There can be no assurance that Holders generally, or any Holder in particular, will be given the opportunity to receive or exercise rights on the same terms and conditions as the holders of Shares or be able to exercise such rights. Nothing herein shall obligate the Company to file any registration statement in respect of any rights or Shares or other securities to be acquired upon the exercise of such rights.
Section 4.5 Distributions Other Than Cash, Shares or Rights to Purchase Shares.
(a) Whenever the Company intends to distribute to the holders of Deposited Securities property other than cash, Shares or rights to purchase additional Shares, the Company shall give timely notice thereof to the Depositary and shall indicate whether or not it wishes such distribution to be made to Holders of GDSs. Upon receipt of a notice indicating that the Company wishes such distribution to be made to Holders of GDSs, the Depositary shall consult with the Company, and the Company shall assist the Depositary, to determine whether such distribution to Holders is lawful and reasonably practicable. The Depositary shall not make such distribution unless (i) the Company shall have requested the Depositary to make such distribution to Holders, (ii) the Depositary shall have received satisfactory documentation within the terms of Section 5.7, and (iii) the Depositary shall have determined that such distribution is reasonably practicable.

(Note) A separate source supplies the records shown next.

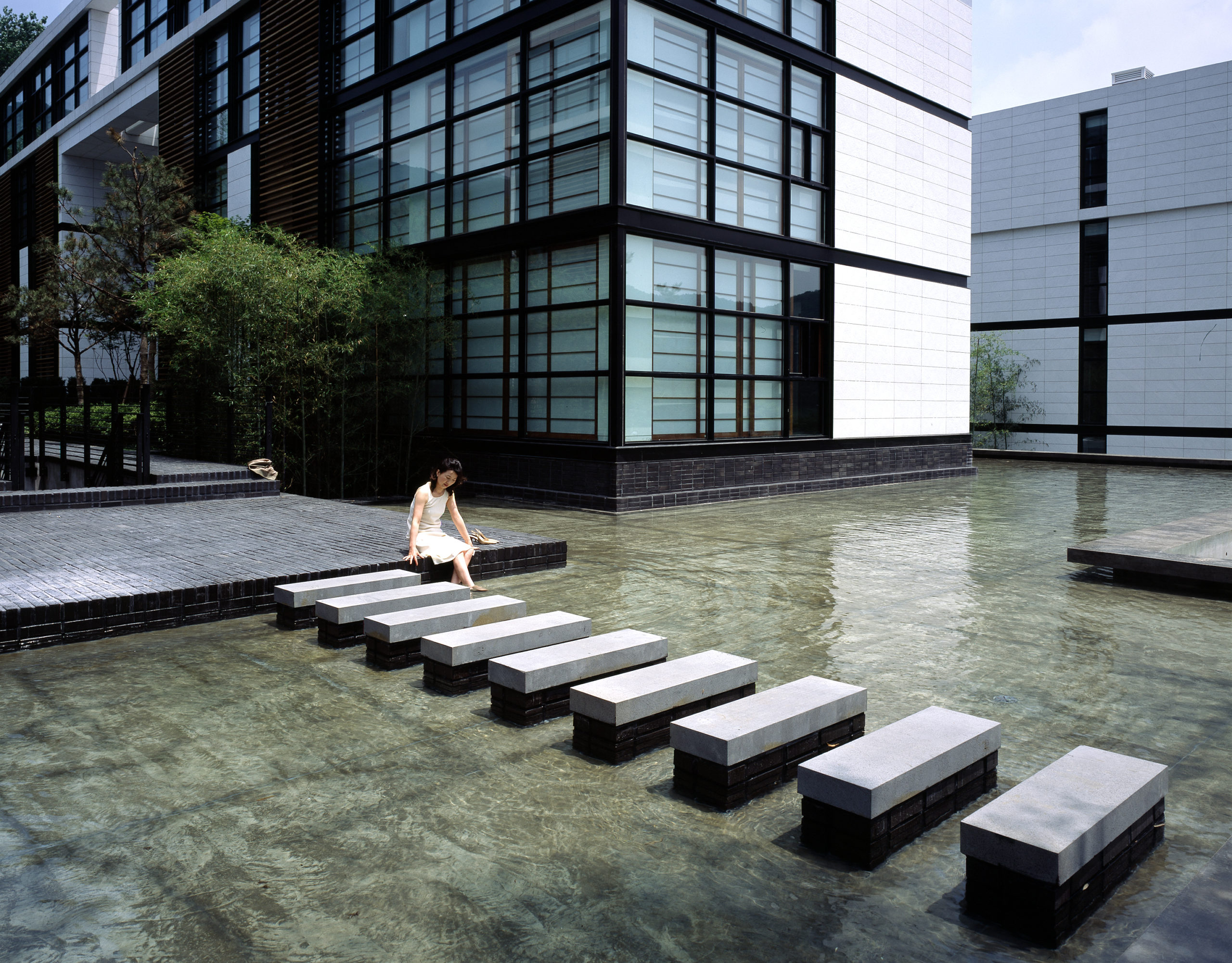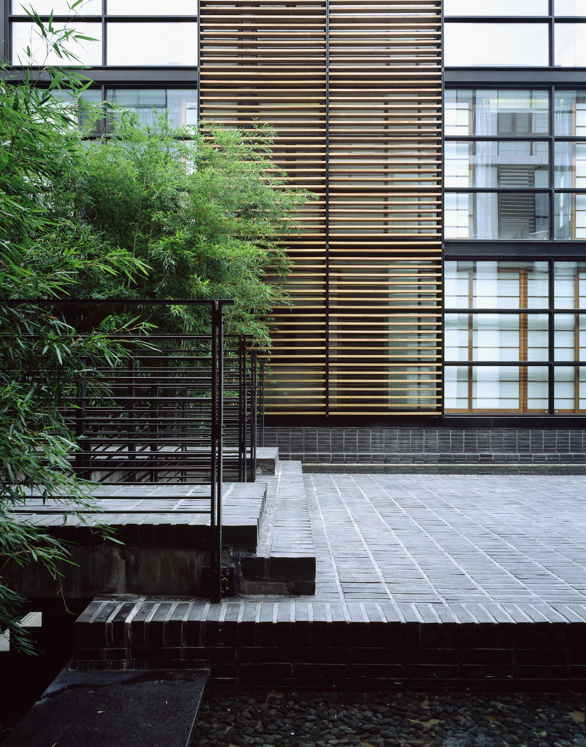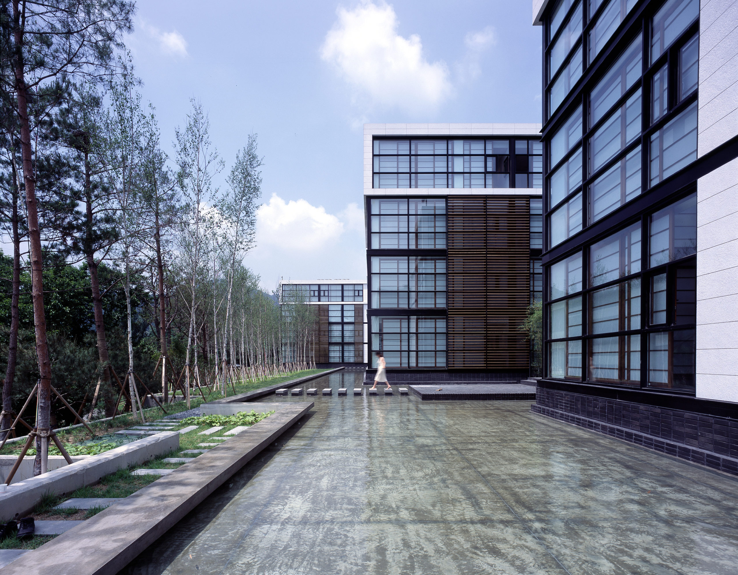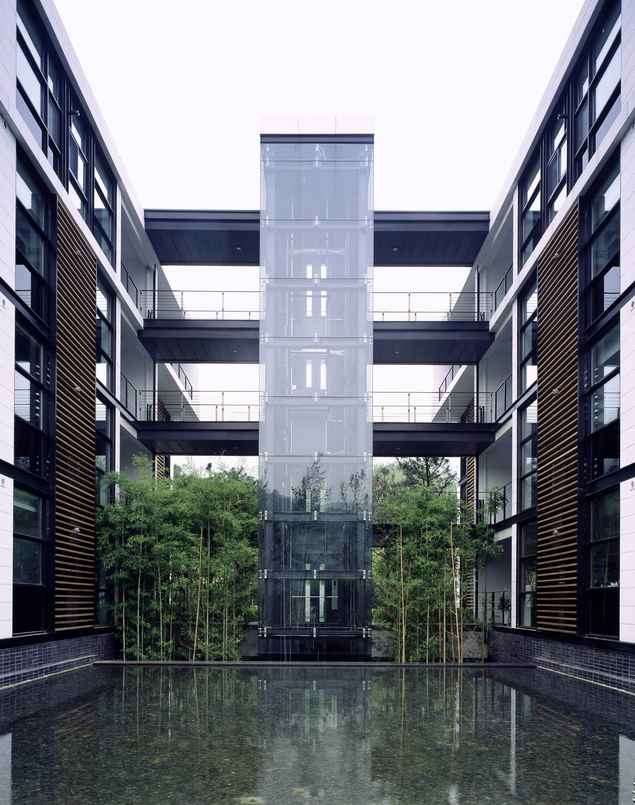 All flats open onto the garden and the landscape. The day rooms are made up of large full-height windows that can be covered with interior blinds. The vegetation in the garden is in direct contact with the flats, regardless of the floor. Visitors access the building on foot from the guardhouse via a large black brick walkway. This driveway overhangs the bamboo gardens of the car parks. From the main driveway, it is possible to reach the large birch garden to the south of the buildings by crossing the pond.
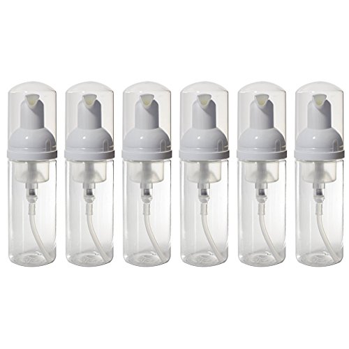 Clear PET Plastic Refillable Travel Foamer Pump Bottle - 1.7 oz (6 Pack) + Travel Bag
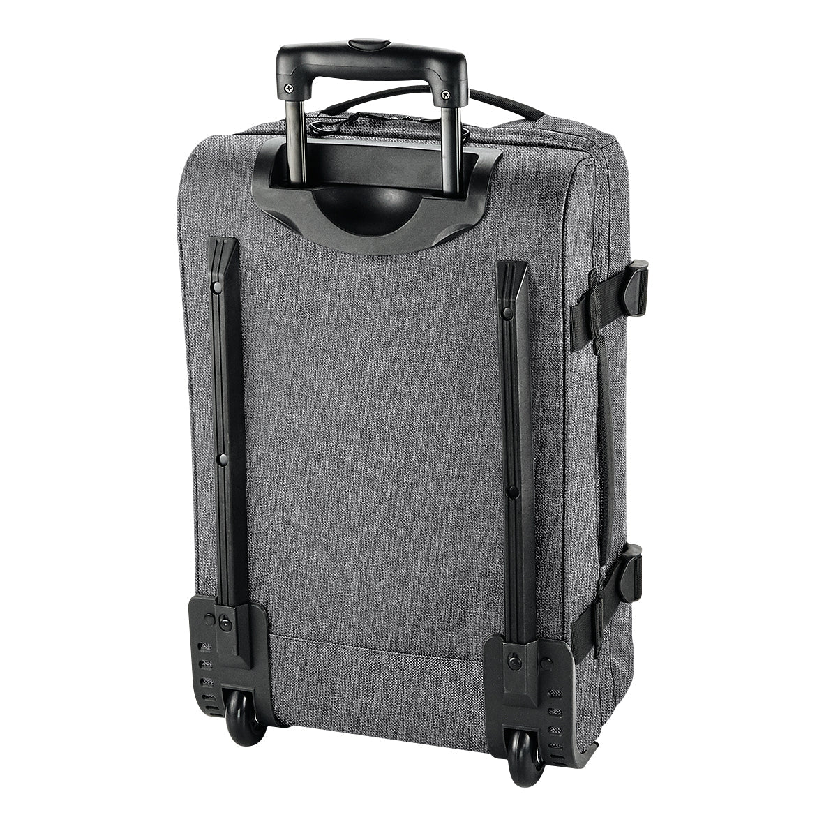 TearAway label for ease of rebranding. Convenient dual compartment design for easy packing. Lockable main compartment zip. Large zippered front compartment with internal mesh divider. Zippered internal pocket. Dual compression straps. Padded top and side handles. High stability retractable twin-handle. Aircraft cabin compatible - suitable for most airlines. Durable integrated skate wheels. Can be further customised with BG485 Escape handle wrap. Padded laptop compartment, compatible up to 15.6". Reach certified. SEDEX certified.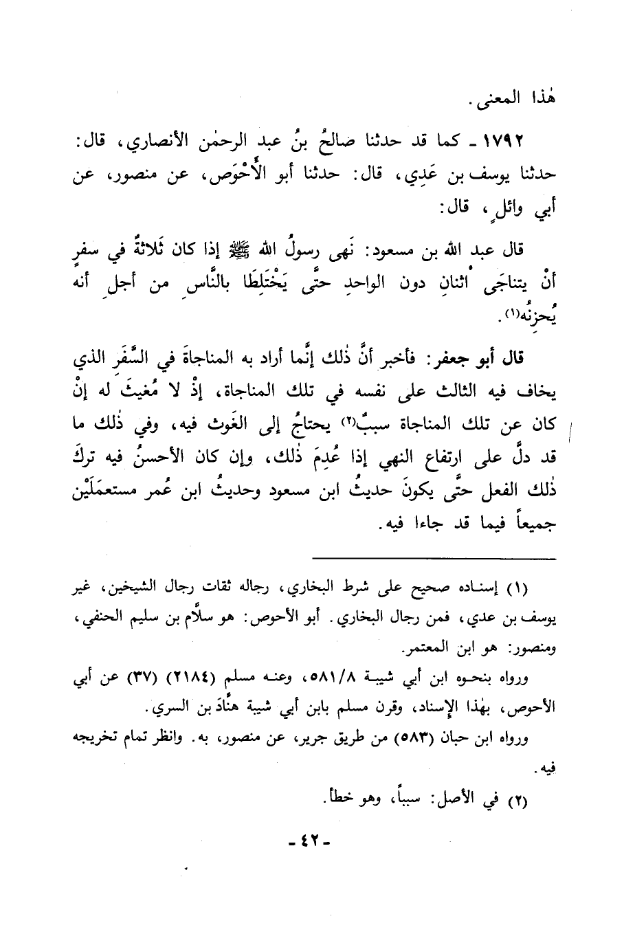 1792 - كَمَا قَدْ حَدَّثَنَا صَالِحُ بْنُ عَبْدِ الرَّحْمَنِ الْأَنْصَارِيُّ قَالَ: حَدَّثَنَا يُوسُفُ بْنُ عَدِيٍّ قَالَ: حَدَّثَنَا أَبُو الْأَحْوَصِ , عَنْ مَنْصُورٍ , عَنْ أَبِي وَائِلٍ قَالَ: قَالَ عَبْدُ اللهِ بْنُ مَسْعُودٍ: نَهَى رَسُولُ اللهِ صَلَّى اللَّهُ عَلَيْهِ وَسَلَّمَ إِذَا كَانَ ثَلَاثَةٌ فِي سَفَرٍ أَنْ يَتَنَاجَى اثْنَانِ دُونَ الْوَاحِدِ حَتَّى يَخْتَلِطَا بِالنَّاسِ , مِنْ أَجْلِ أَنَّهُ يُحْزِنُهُ. قَالَ أَبُو جَعْفَرٍ: فَأَخْبَرَ أَنَّ ذَلِكَ إِنَّمَا أَرَادَ بِهِ الْمُنَاجَاةَ فِي السَّفَرِ الَّذِي يَخَافُ فِيهِ الثَّالِثُ عَلَى نَفْسِهِ فِي تِلْكَ الْمُنَاجَاةِ , إِذْ لَا مُغِيثَ لَهُ إِنْ كَانَ عَنْ تِلْكَ الْمُنَاجَاةِ سَبَبٌ يَحْتَاجُ إِلَى الْغَوْثِ فِيهِ , وَفِي ذَلِكَ مَا قَدْ دَلَّ عَلَى ارْتِفَاعِ النَّهْيِ إِذَا عُدِمَ ذَلِكَ , وَإِنْ كَانَ الْأَحْسَنَ فِيهِ تَرْكُ ذَلِكَ الْفِعْلِ حَتَّى يَكُونَ حَدِيثُ ابْنِ مَسْعُودٍ وَحَدِيثُ ابْنِ عُمَرَ مُسْتَعْمَلَيْنِ جَمِيعًا فِيمَا قَدْ جَاءَا فِيهِ , -[43]- فَإِنْ قَالَ قَائِلٌ: لَمْ يُرْوَ هَذَا الْحَدِيثُ بِذِكْرِ السَّفَرِ إِلَّا فِي حَدِيثِ صَالِحٍ الَّذِي قَدْ ذَكَرْتَ. قِيلَ لَهُ: وَمَا تُنْكِرُ مِنْهُ مَعَ صِحَّةِ مَخْرَجِهِ , وَقَدْ رُوِيَ مِنْ طَرِيقٍ آخَرَ مِنْ كَلَامِ ابْنِ مَسْعُودٍ مِنْ مَا نَعْلَمُ أَنَّهُ لَمْ يَقُلْهُ مِنْ رَأْيِهِ إِذْ كَانَ مِثْلُهُ لَا يُقَالُ بِالرَّأْيِ , وَلَكِنَّهُ قَالَهُ لِأَخْذِهِ إِيَّاهُ عَنْ رَسُولِ اللهِ صَلَّى اللَّهُ عَلَيْهِ وَسَلَّمَ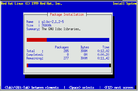 As each software package starts to load, the top part of the Package Installation screen displays its name, size, and a summary description of its function.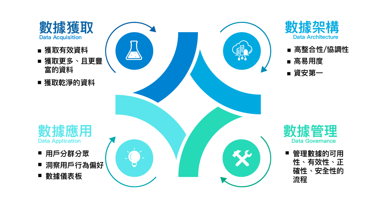 一個完整的數據策略必須要涵蓋這四個要素:數據的獲取、數據的架構、數據的管理、以及數據的應用,每一要素皆環環相扣,企業需擬定一個正確且符合企業文化之數據策略,才可以在一致的邏輯規劃中,搜集到有效且關鍵的資料並藉由大數據的運算,分析預測正確的結果,提供管理人員或行銷人員發動準確的攻擊!
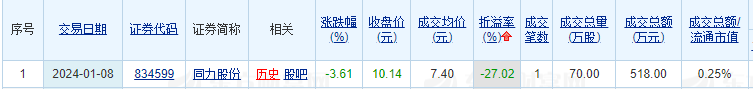 同力股份昨日大宗交易成交70万股 折价率27.02%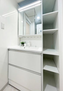 ぴったり間口の収納も確保した洗面を施工させていただきました。
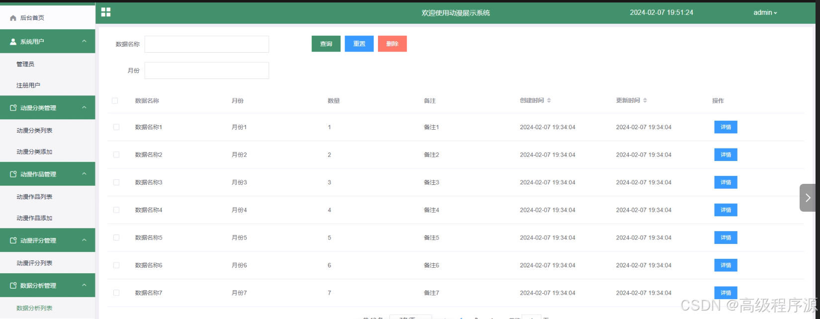 - 数据分析管理:管理员可以查看数据分析列表中某一数据详情,可以对数据分析信息进行查询、重置、添加和删除操作。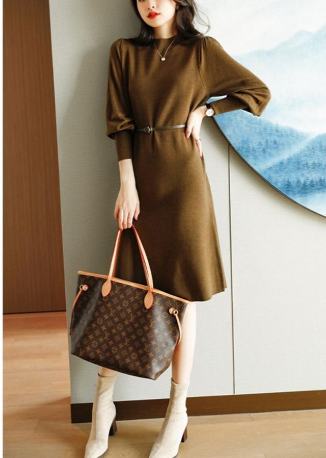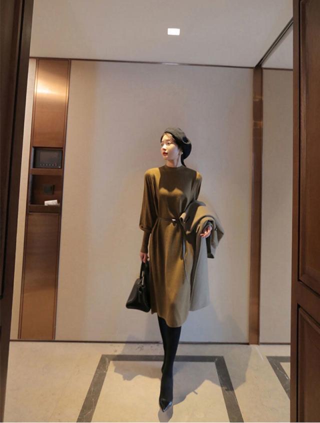 ロングカフスニットがおしゃれでトレンドなニットワンピースです。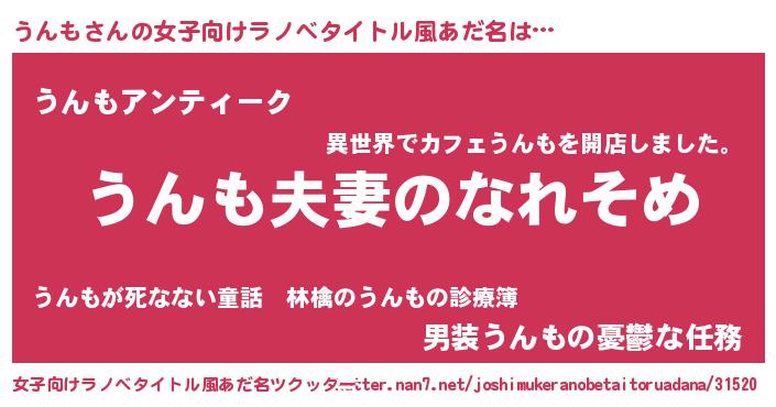 | ヘコむあだ名 | 『うんも(爆)』『豆乳』『うんぷりん』 |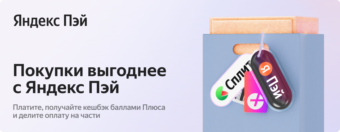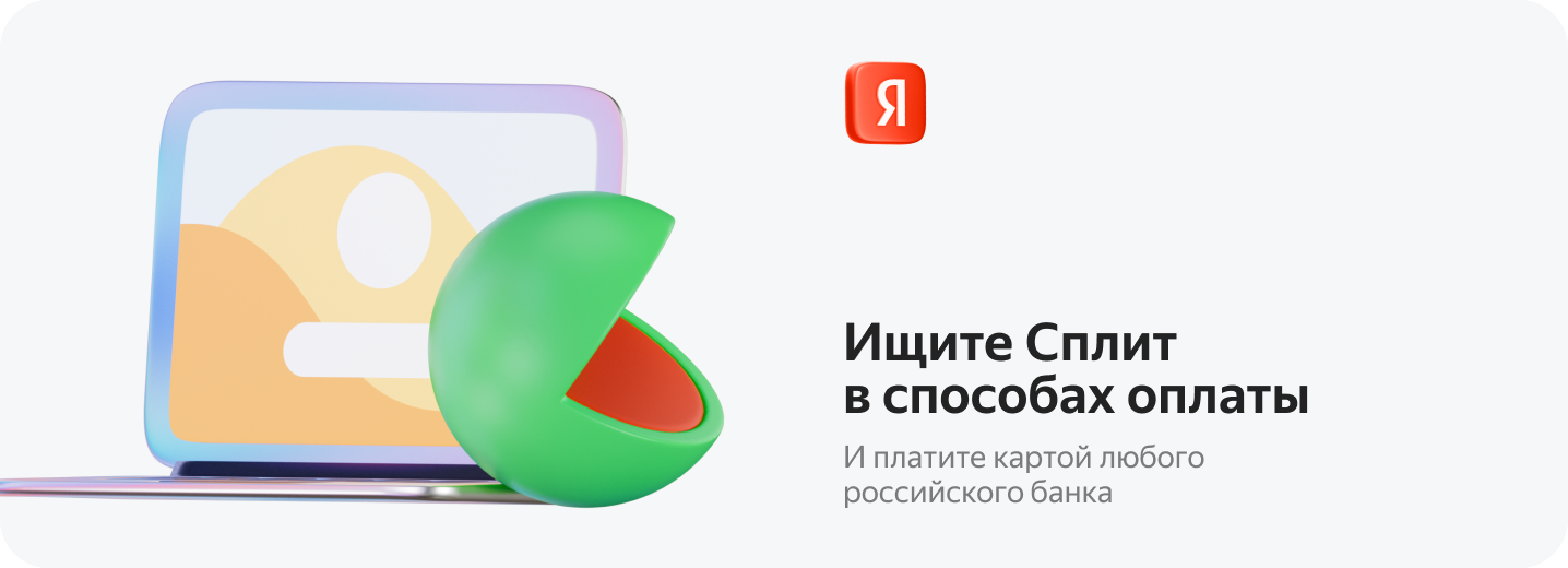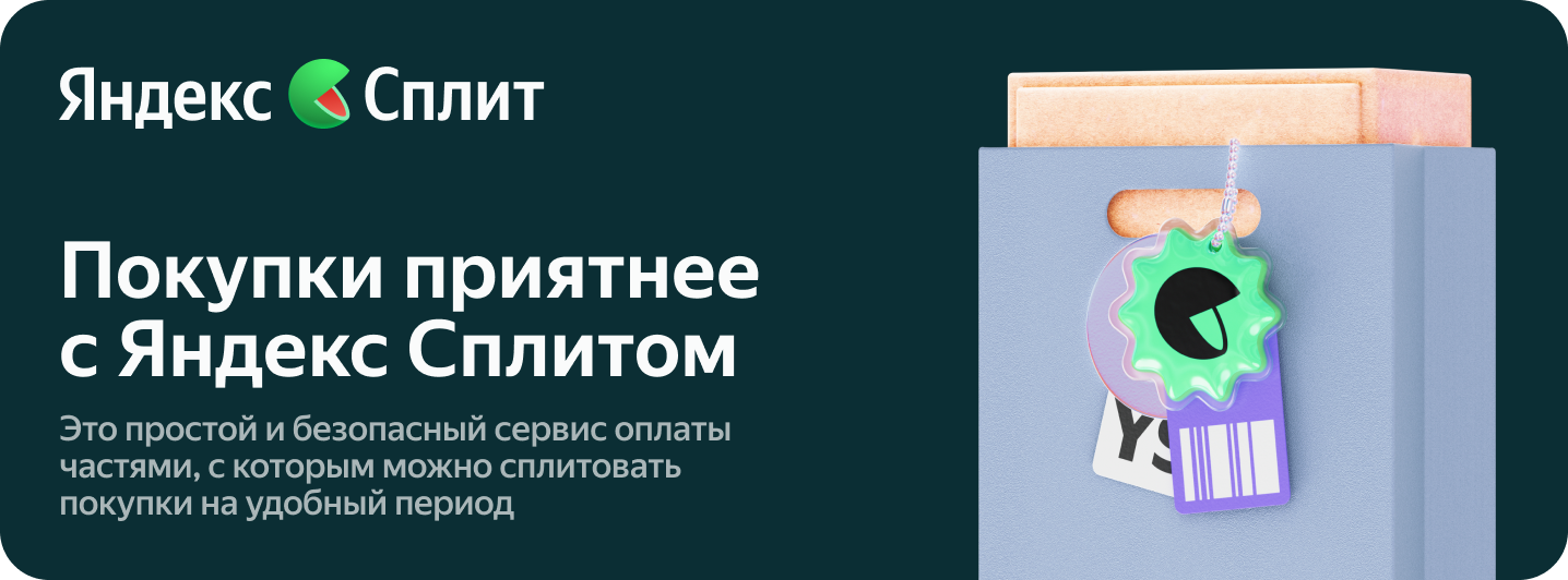 Мы подключили Яндекс Пэй, который поможет быстро оплатить покупку своей картой. А также Яндекс Сплит, с которым можно платить частями в течение 2, 4 или 6 месяцев.

(b) Upon receipt of satisfactory documentation and the request of the Company to distribute property to Holders of GDSs and after making the requisite determinations set forth in (a) above, the Depositary shall distribute the property so received to the Holders of record, as of the GDS Record Date, in proportion to the number of GDSs held by them respectively and in such manner as the Depositary may deem practicable for accomplishing such distribution (i) upon receipt of payment or net of the applicable fees and charges of, and expenses incurred by, the Depositary, and (ii) net of any taxes required to be withheld. The Depositary may dispose of all or a portion of the property so distributed and deposited, in such amounts and in such manner (including public or private sale) as the Depositary may deem practicable or necessary to satisfy any taxes (including applicable interest and penalties) or other governmental charges applicable to the distribution.
27
(c) If (i) the Company does not request the Depositary to make such distribution to Holders or requests the Depositary not to make such distribution to Holders, (ii) the Depositary does not receive satisfactory documentation within the terms of Section 5.7, or (iii) the Depositary determines that all or a portion of such distribution is not reasonably practicable, the Depositary shall sell or cause such property to be sold in a public or private sale, at such place or places and upon such terms as it may deem practicable and shall (i) cause the proceeds of such sale, if any, to be converted into Dollars and (ii) distribute the proceeds of such conversion received by the Depositary (net of applicable (a) fees and charges of, and expenses incurred by, the Depositary and (b) taxes) to the Holders as of the GDS Record Date upon the terms of Section 4.1. If the Depositary is unable to sell such property, the Depositary may dispose of such property for the account of the Holders in any way it deems reasonably practicable under the circumstances.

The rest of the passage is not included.